The market-implied 1-standard-deviation range for MDY extends from approximately $623.32 on the downside to $696.34 on the upside. A MDY long put expresses a directional view that the underlying closes below the strike minus premium at expiration, frequently sized to hedge an existing long MDY position with one put per 100 shares held. Current MDY IV rank near 39.91% is mid-range against its 1-year distribution, so the IV signal is neutral; the long put thesis on MDY should anchor more to the directional view and the expected-move geometry. As a Financial Services name, MDY options can move on sector-level news flow (peer earnings, regulatory updates, industry-specific macro data) in addition to MDY-specific events.

MDY long put positions are structurally bearish; the modeled P&L assumes European-style exercise at expiration and ignores early assignment, transaction costs, dividends paid before expiry on the stock leg (when present), and the bid-ask spread on the listed chain. MDY positions also carry Financial Services sector concentration risk; news flow inside the sector (peer earnings, regulatory shifts, supply-chain headlines) can move MDY alongside the broader basket even when MDY-specific fundamentals are unchanged. Long-premium structures like a long put on MDY are particularly exposed to IV-crush risk through scheduled events (earnings, FDA decisions, central-bank meetings) where IV typically contracts post-event regardless of the directional outcome. Always rebuild the position from current MDY chain quotes before placing a trade.
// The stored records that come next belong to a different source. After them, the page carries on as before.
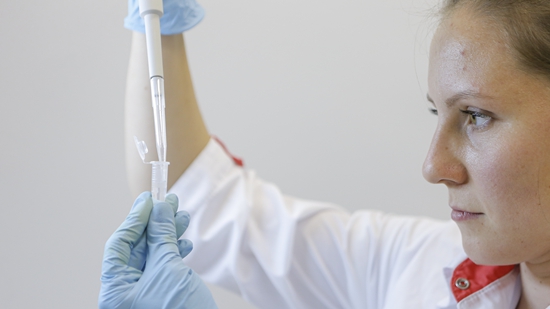 研究人员在实验室内进行研发疫苗工作。(图片来源:新华社)
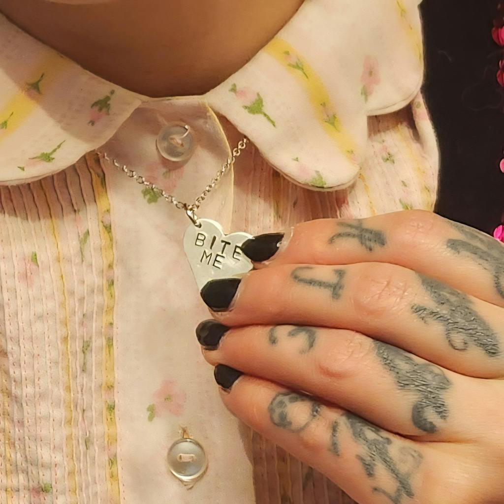 Get in touch with our contact page or you can always contact us on our FOXLARK Instagram www.instagram.com/foxlark or Facebook pages www.Facebook.com/foxlark , or through email foxlarkalchemy@gmail.comHand Stamped BITE ME Heart Necklace
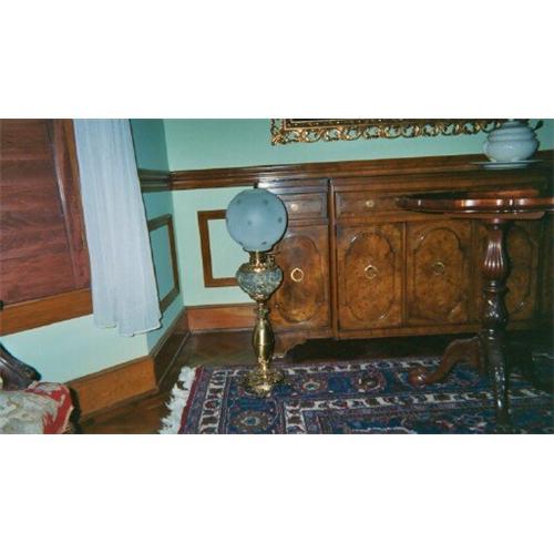 A one of a kind gorgous brass table lamp. It has very intricate detail work on stem, base and top, where it has been electricfied. The glass globe shade has been replaced in the style befitting for this era.
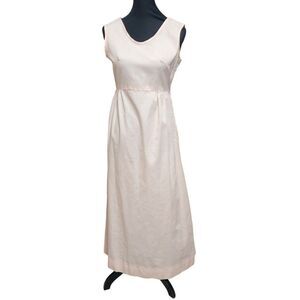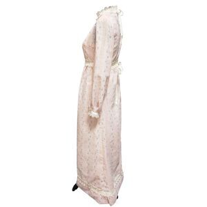 Vintage Handmade Nightgown Dress S Pink Floral Stripe Half Zip Lace Trim
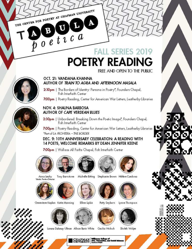Celebrating the 10th Anniversary of Tabula Poetica, I’ll be reading poems on Monday, December 9 at Chapman University! The roster of readers includes: Anna Leahy; Maureen Alsop, Tony Barnstone, Michelle Bitting, Stephanie Brown, Hèléne Cardona, Genevieve Kaplan, Katie Manning, Elline Lipkin, Patty Seyburn, Lynne Thompson, Lorene Delaney Ullman, Allison Benis White, and Cecilia Woloch — wow! More info here.
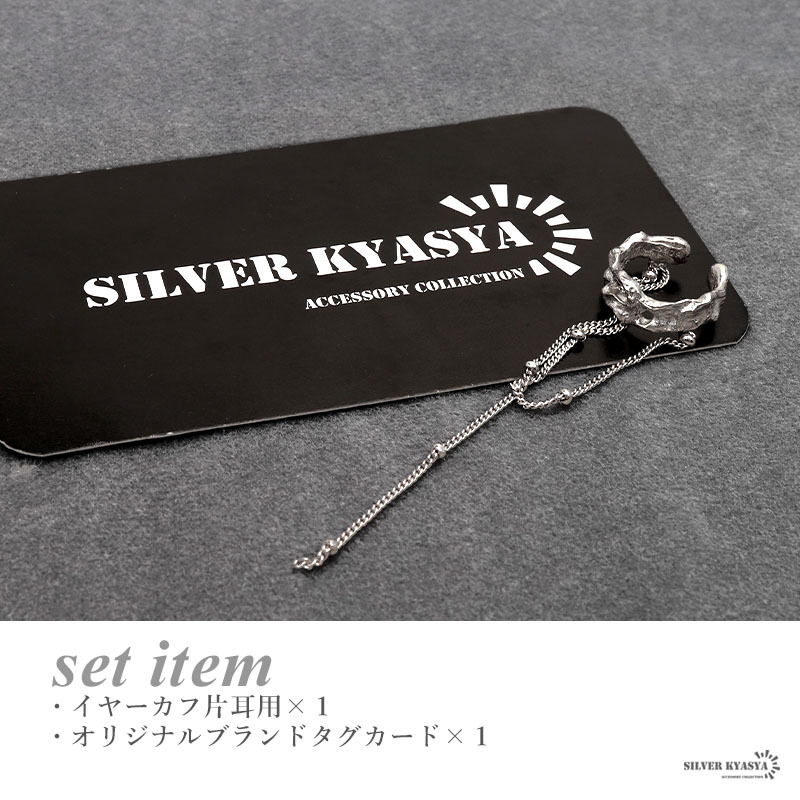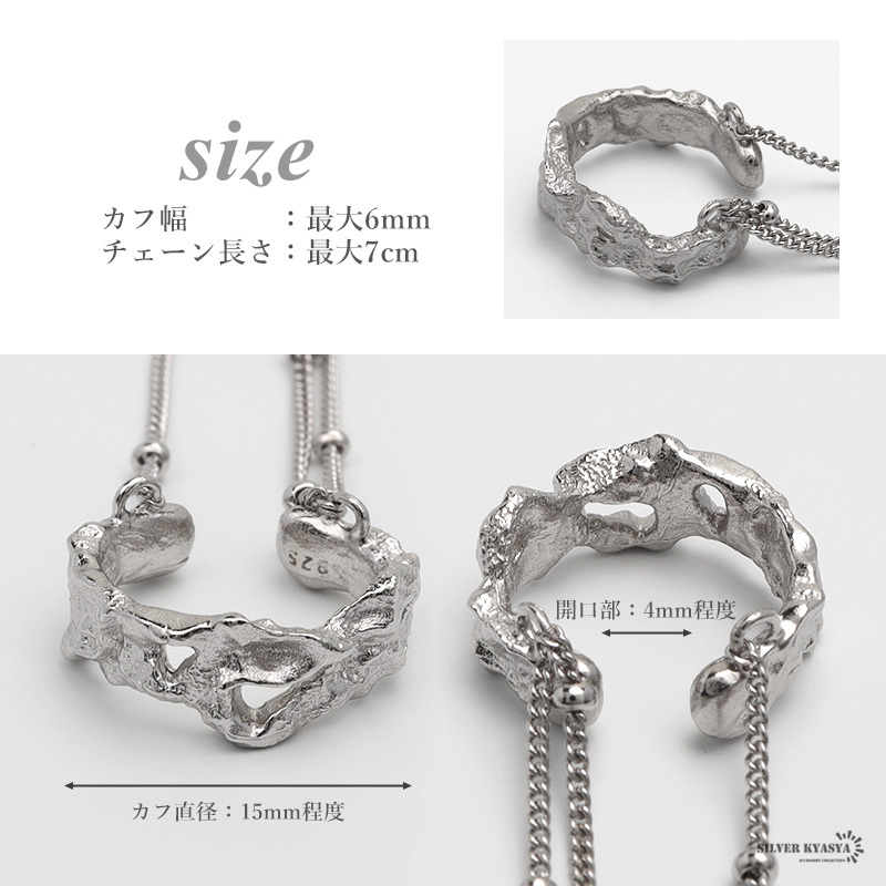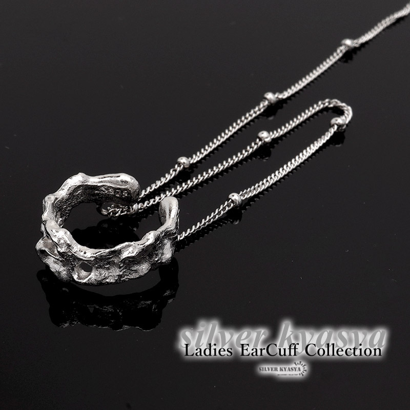 イヤーカフ チェーンイヤーカフ 金属アレルギー シルバー925 チェーン 槌目 歪み 変形 揺れる 透かし イヤークリップ 片耳用

Frequently asked questions

What is a long put on MDY?
A long put on MDY is the long put strategy applied to MDY (etf). The strategy is structurally bearish: A long put buys downside exposure with a fixed maximum loss equal to the premium paid; profit accrues if the underlying closes below the strike minus premium at expiration. With MDY etf trading near $659.83, the strikes shown on this page are snapped to the nearest listed MDY chain strike and the premiums come straight from the end-of-day bid/ask midpoint.
How are MDY long put max profit and max loss calculated?
Max profit equals the strike minus premium times 100 (reached at zero); max loss equals the premium times 100. Breakeven is strike minus premium. For the MDY long put priced from the end-of-day chain at a 30-day expiry (ATM IV 19.30%), the computed maximum profit is $64,499.00 per contract and the computed maximum loss is -$1,500.00 per contract. Live intraday quotes will differ as the chain moves through the trading session.
What is the breakeven for a MDY long put?
The breakeven for the MDY long put priced on this page is roughly $645.00 at expiration, derived from end-of-day chain premiums. Breakeven is the underlying price at which the strategy's P&L crosses zero ignoring transaction costs and assignment risk. The current MDY market-implied 1-standard-deviation expected move is approximately 5.53%; if the move sits well outside the breakeven distance, the structure's risk-reward becomes correspondingly tighter.
When should you consider a long put on MDY?
Long puts on MDY hedge an existing long MDY etf position or express a bearish view with defined risk; position sizing typically scales the put notional to the underlying MDY exposure being hedged.
How does current MDY implied volatility affect this long put?
MDY ATM IV is at 19.30% with IV rank near 39.91%, which is mid-range against its 1-year history. Strategy selection depends more on directional thesis and expected move than on a strong IV signal.